Using rocAL with PyTorch for training

Using rocAL with PyTorch for training#

The PyTorch plugin for rocAL includes three iterators that can be used to process different types of pipelines.

ROCALAudioIterator is used for audio processing pipelines.
ROCALGenericIterator is used for general data processing pipelines.
ROCALClassificationIterator is used for classification and training pipelines.

The iterators run the training and validation pipelines, prefetching and loading the next batch of files while the previous batch is being processed.

Pipelines are created by either instantiating them with Pipeline() or decorating a graph function with @pipeline_def.
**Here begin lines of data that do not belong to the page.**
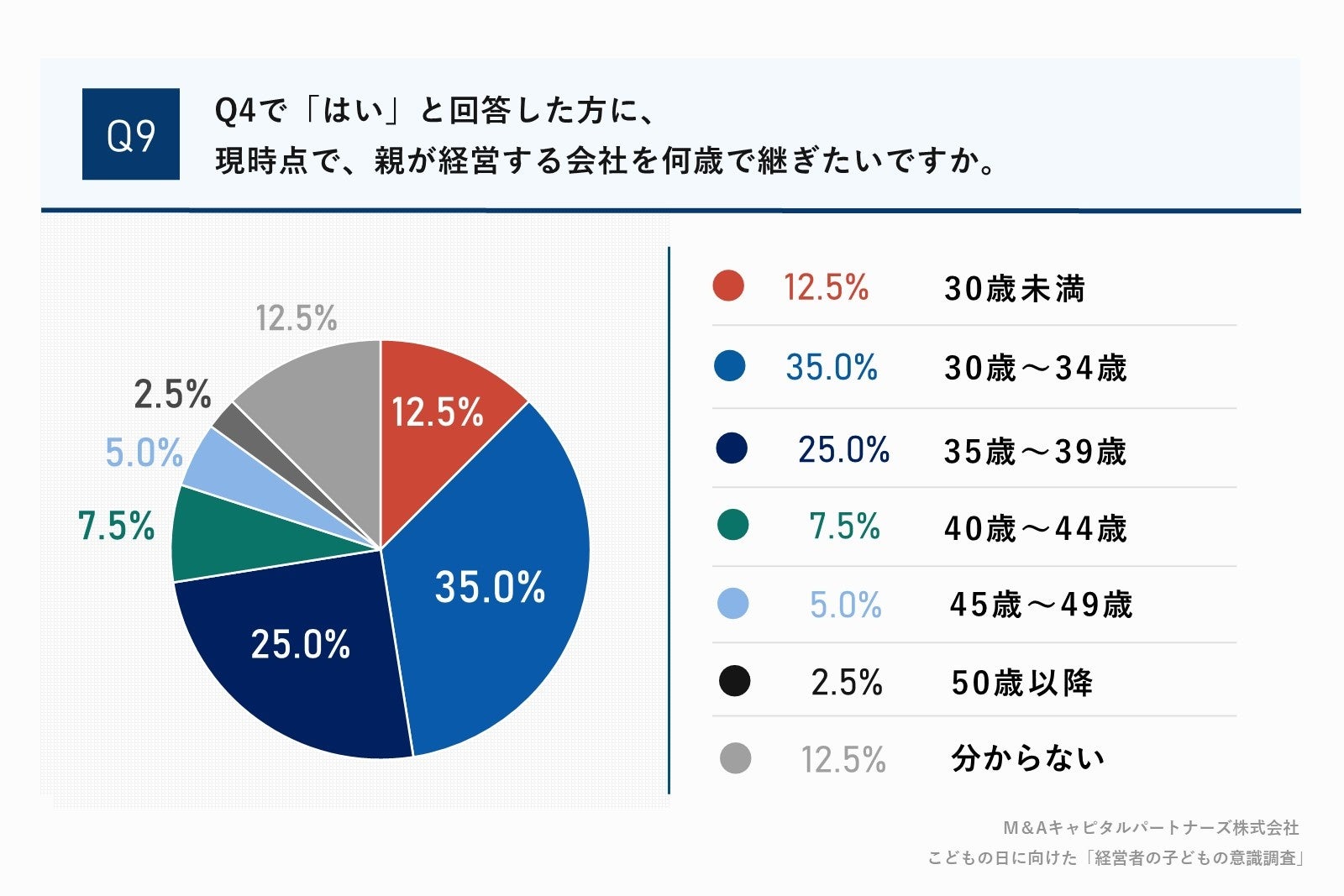 Q4で「はい」と回答した方に、「Q9.現時点で、親が経営する会社を何歳で継ぎたいですか。」(n=40)と質問したところ、「30歳~34歳」が35.0%、「35歳~39歳」が25.0%という回答となりました。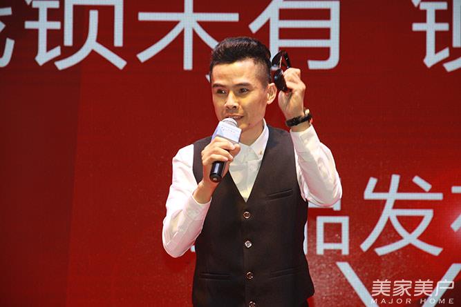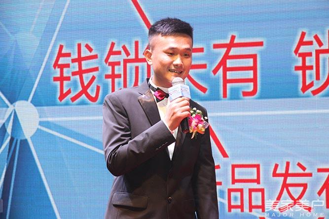 广州智狼团企业管理咨询有限公司董事长郑博文就当今市场环境下,就“如何把握财富的大趋势、如何做品牌,以及在智能锁的发展趋势下,如何把握、携手并做好罗曼斯全自动智能锁品牌”的主题演讲。
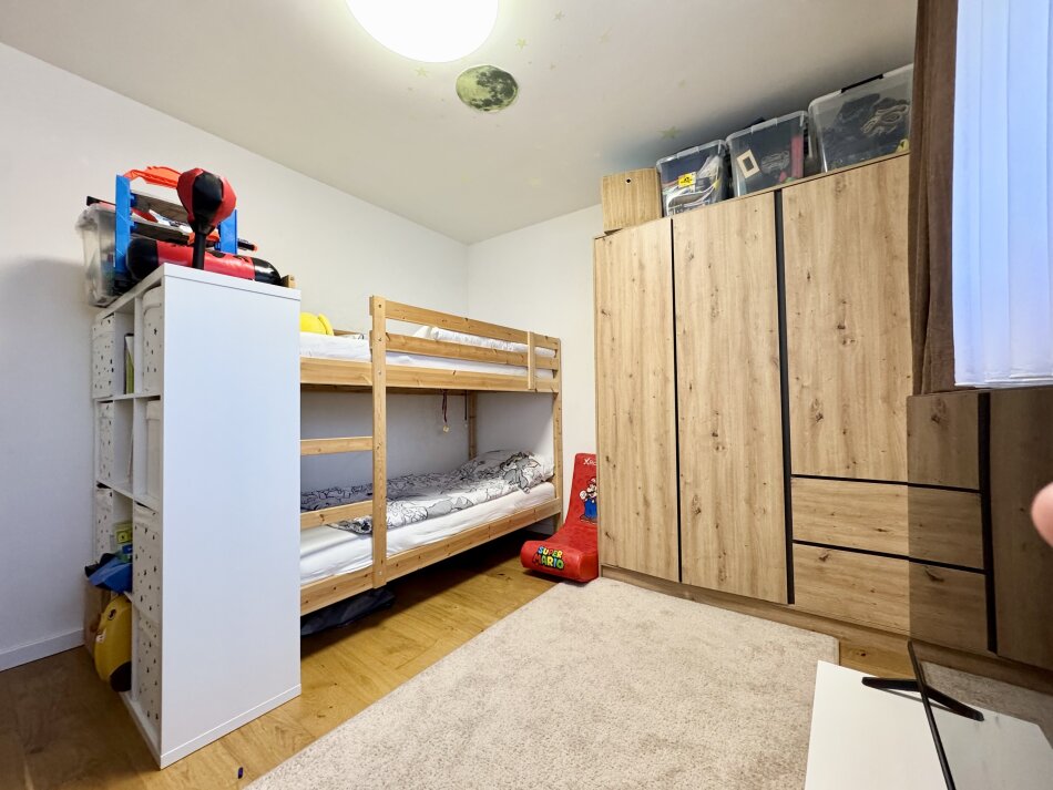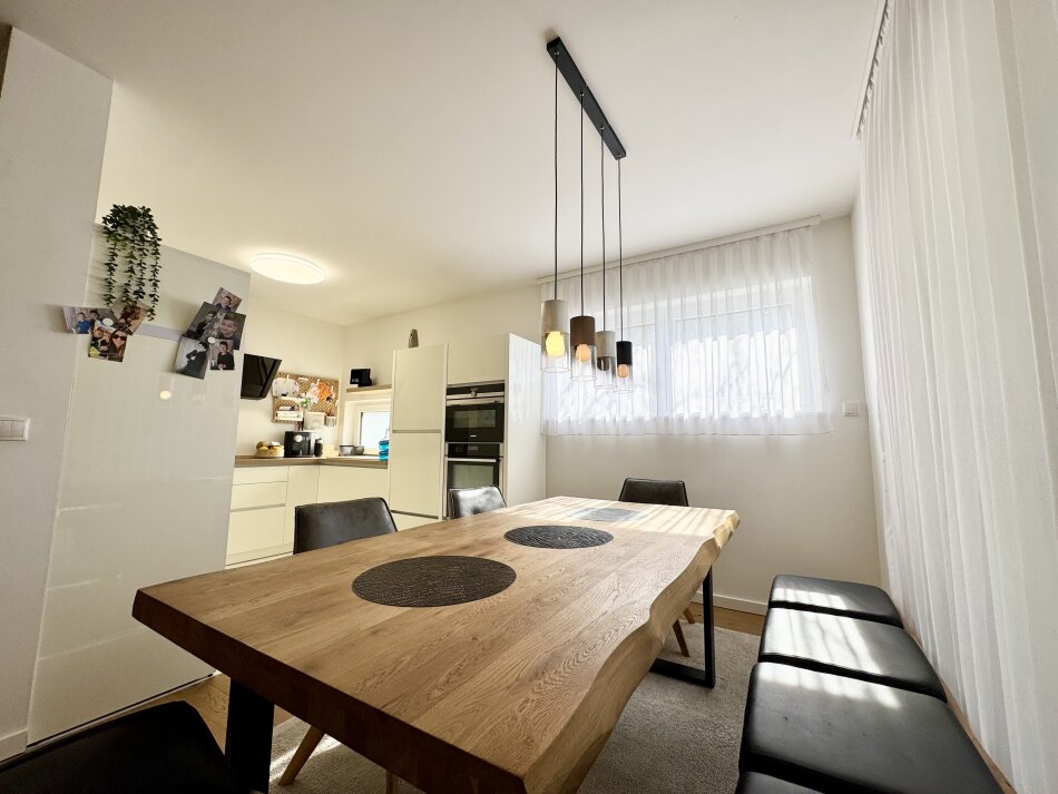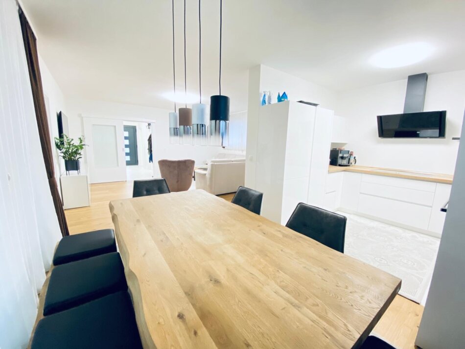 Großzügige Schiebetüren sorgen für ein offenes Wohngefühl und einen harmonischen Übergang in den 108 m² großen Privatgarten – ideal für entspannte Stunden im Freien.

The training and validation pipelines in imagenet_training.py are both instantiated with Pipeline():

from amd.rocal.pipeline import Pipeline

[...]

def train_pipeline(data_path, batch_size, local_rank, world_size, num_thread, crop, rocal_cpu, fp16):
  pipe = Pipeline(batch_size=batch_size, num_threads=num_thread, device_id=local_rank, seed=local_rank+10, rocal_cpu=rocal_cpu, tensor_dtype=types.FLOAT16 if fp16 else types.FLOAT, tensor_layout=types.NCHW,
                  prefetch_queue_depth=6, mean=[0.485 * 255, 0.456 * 255, 0.406 * 255], std=[0.229 * 255, 0.224 * 255, 0.225 * 255], output_memory_type=types.HOST_MEMORY if rocal_cpu else types.DEVICE_MEMORY)
  with pipe:
      jpegs, labels = fn.readers.file(file_root=data_path)
      rocal_device = 'cpu' if rocal_cpu else 'gpu'
      decode = fn.decoders.image_slice(jpegs, output_type=types.RGB,
                                       file_root=data_path, shard_id=local_rank, num_shards=world_size, random_shuffle=True)
      res = fn.resize(decode, resize_width=224, resize_height=224, output_layout=types.NHWC,
                      output_dtype=types.UINT8, interpolation_type=types.TRIANGULAR_INTERPOLATION)
      flip_coin = fn.random.coin_flip(probability=0.5)
      cmnp = fn.crop_mirror_normalize(res,
                                      output_layout=types.NCHW,
                                      output_dtype=types.FLOAT,
                                      crop=(crop, crop),
                                      mirror=flip_coin,
                                      mean=[0.485 * 255, 0.456 *
                                            255, 0.406 * 255],
                                      std=[0.229 * 255, 0.224 * 255, 0.225 * 255])
      pipe.set_outputs(cmnp)
  print('rocal "{0}" variant'.format(rocal_device))
  return pipe

Data is read from the dataset using readers.file, which is appropriate for PyTorch:

import amd.rocal.fn as fn

[...]

with pipe:
      jpegs, labels = fn.readers.file(file_root=data_path, shard_id=local_rank, num_shards=world_size, random_shuffle=True)

The appropriate iterator is then used to load data and run the pipeline. In imagenet_training.py, the ROCALClassificationIterator is used.

from amd.rocal.plugin.pytorch import ROCALClassificationIterator

[...]

def get_rocal_train_loader(data_path, batch_size, local_rank, world_size, num_thread, crop, rocal_cpu, fp16=False):
  traindir = os.path.join(data_path, 'train')
  pipe_train = train_pipeline(
      traindir, batch_size, local_rank, world_size, num_thread, crop, rocal_cpu, fp16)
  pipe_train.build()
  train_loader = ROCALClassificationIterator(
      pipe_train, device="cpu" if rocal_cpu else "cuda", device_id=local_rank)
  return Prefetcher(train_loader, rocal_cpu, batch_size)

Two examples of PyTorch training using rocAL are available in the rocAL GitHub repository. Jupyter Notebooks are also available.

A Docker container is available for PyTorch training with rocAL.